Мать расцветала перед ним и с трепетным счастьем в глазах лепетала сквозь слёзы:
— Ты меня, Антон Макарыч, из мёртвых воскресил, себя не жалел. А смерть‑то ведь и тебе косой грозила.
— Смерть‑то бежит от меня, как чёрт от ладана. На то я и врач, чтоб с недугами да со смертью бороться. А когда ты вот родилась заново при моей помощи, меня уже не забудешь.
— Не то ли что не забуду, Антон Макарыч, а никогда ты в душе не угаснешь.
— Ну, как же мне не радоваться, Настя? У меня уйма близких людей! И чем ни больше их копится, тем легче жить.
Он и меня не забывал, похлопывал по плечу и ободрял:
— Учись, милок, и не унывай! Счастье добывается с бою.
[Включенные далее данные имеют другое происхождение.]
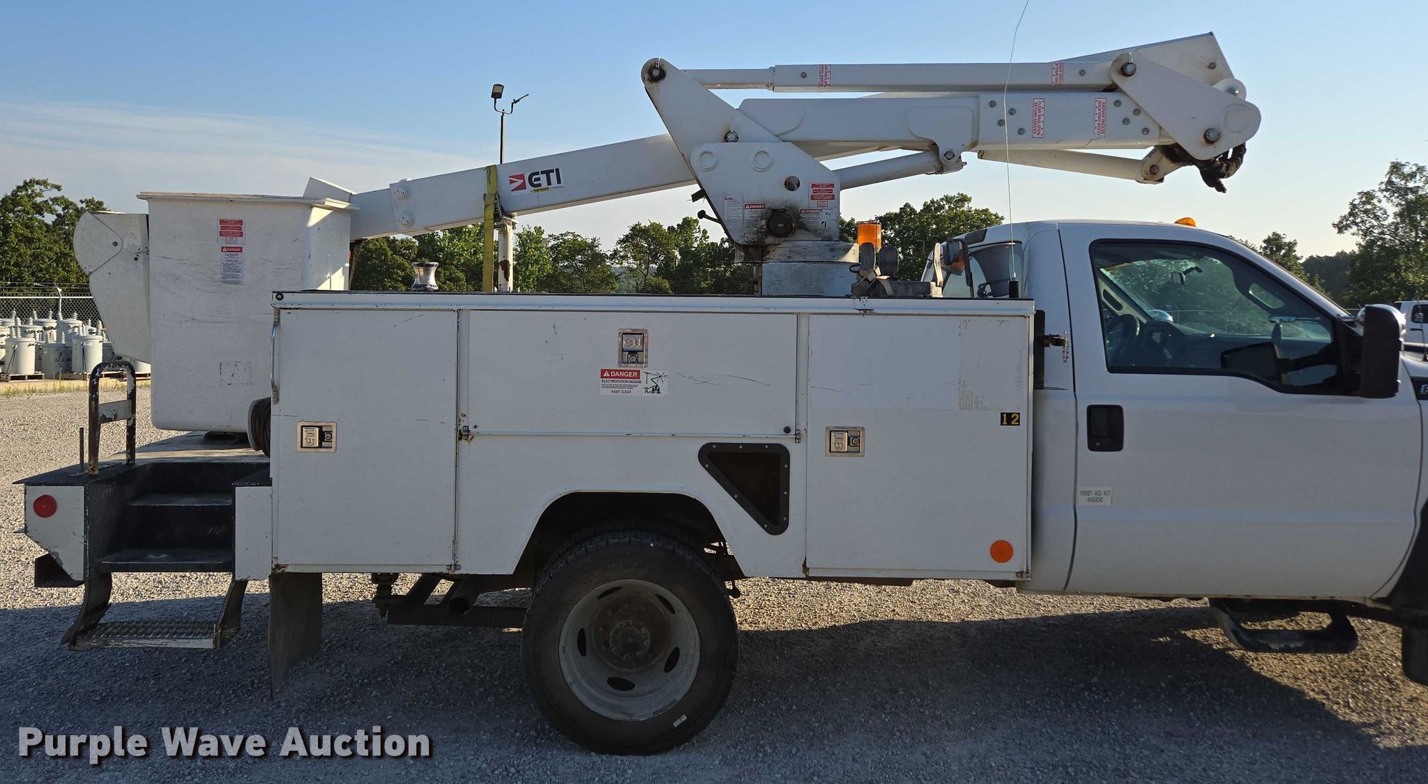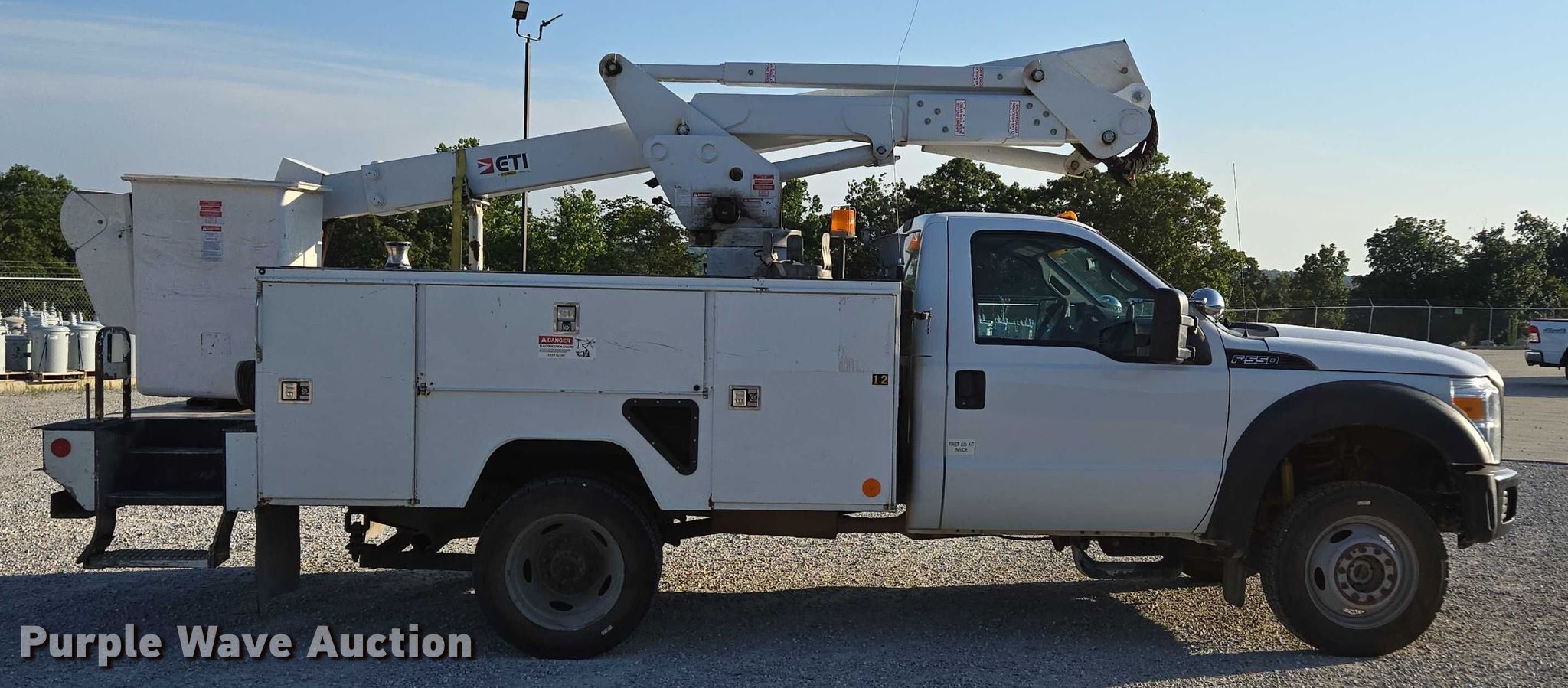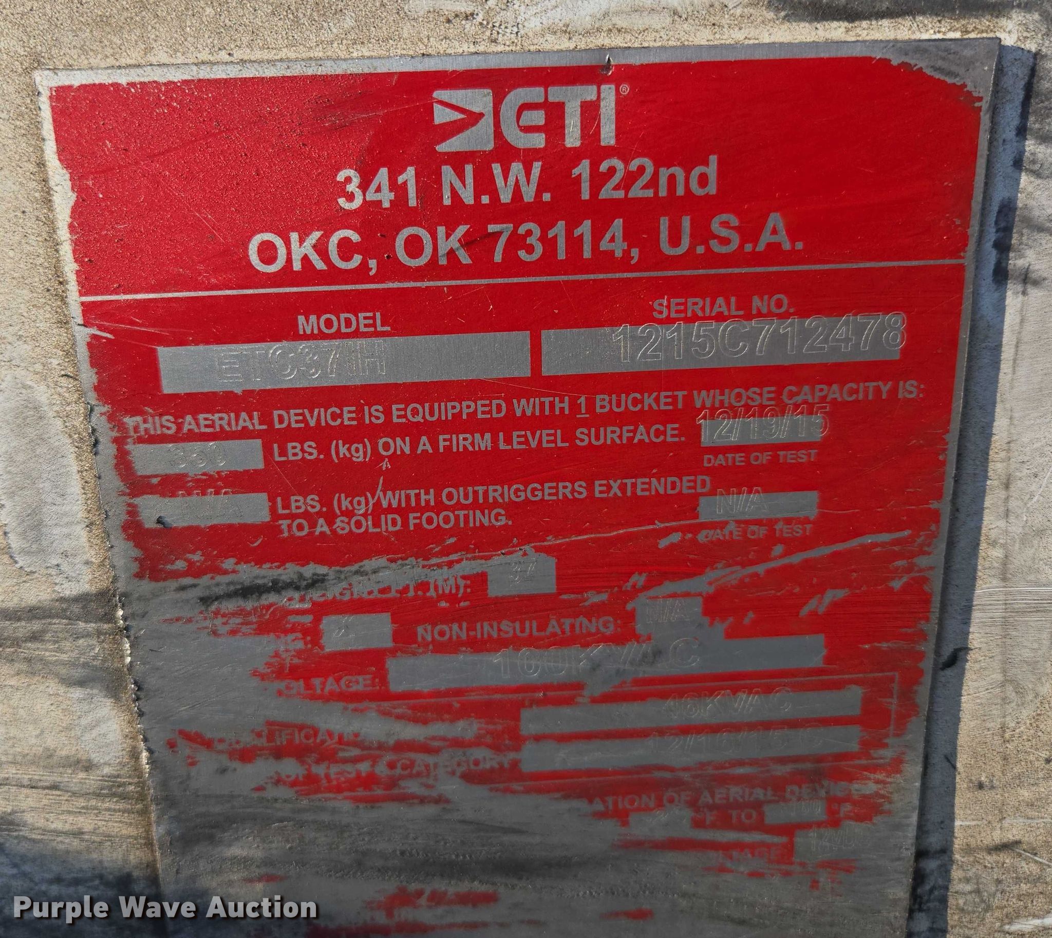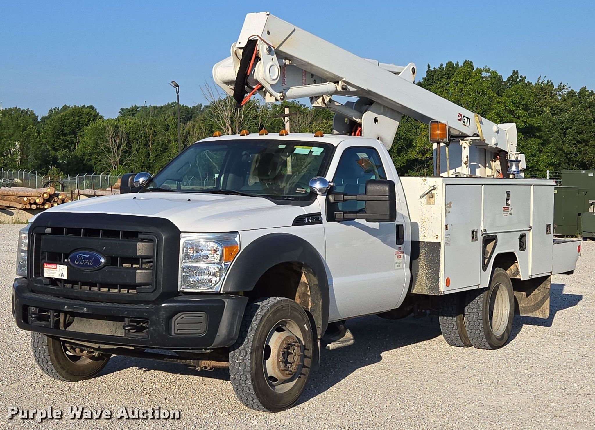 2016 Ford F550 Super Duty XL bucket truck. Miles: 163,440 on odometer, VIN: 1FDUF5HYXGEA99698, Unit #: 12. Engine Displacement: 6.8L V10 DOHC, Cylinders: 10, Fuel type: Gas. Transmission Automatic. Chassis Four wheel drive, Axles: Single, Suspension: Spring, Brakes: Hydraulic, GVWR: 19,000 lbs. Interior AC, Heat, Auxiliary controls, Brake controller. Features Bed ETI SB108DD96A36R, Length: 12', Width: 96", Boom ETI ETC37IH, Serial: 1215C712478, Boom length: 14' 7", Maximum lift capacity: 350 lbs, Boom type: Insulated, Telescopic, Man basket, Boom controls Ground, Platform/ basket.. Tires Size: 225/70R19.5. Notes Muffler damaged, hole. Missouri title. Title distribution may be delayed up to 14 days from verification of funds. Mansfield, MO 65704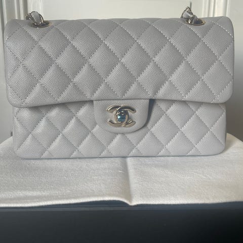 Chanel axelremsväska för kvinna i quiltat läder i grå färg. Väskan har klassisk klaff med vridlås framtill och kedjerem med läderdetaljer för bärning över axeln eller crossbody. Väskan har flera fack som anas på bild. Levereras med originalkartong och tillhörande innerförpackning enligt bilderna. Obs väskan är oanvänd, inköpt i Monaco och kvitto finns ej då det var en present. Äkthet kan verifieras av Chanel.

Мать не отрывала сияющих глаз от лица Антона Макарыча и очень хорошо, легко, задушевно говорила ему поющим голосом:
— Дай господь тебе счастья да неугасимой любви с Олёнушкой, Антон Макарыч. Без любови, без радости жизнь‑то — неволя.
Он запросто, по–родному, целовал её и уходил, как добрый молодец в сказке.
И я верил, что и у нас, и в Моревке, и в Ключах он был всем — родня. А сколько детишек теперь играет на улице! Без его лечения, наставления и ухода они лежали бы в могилках.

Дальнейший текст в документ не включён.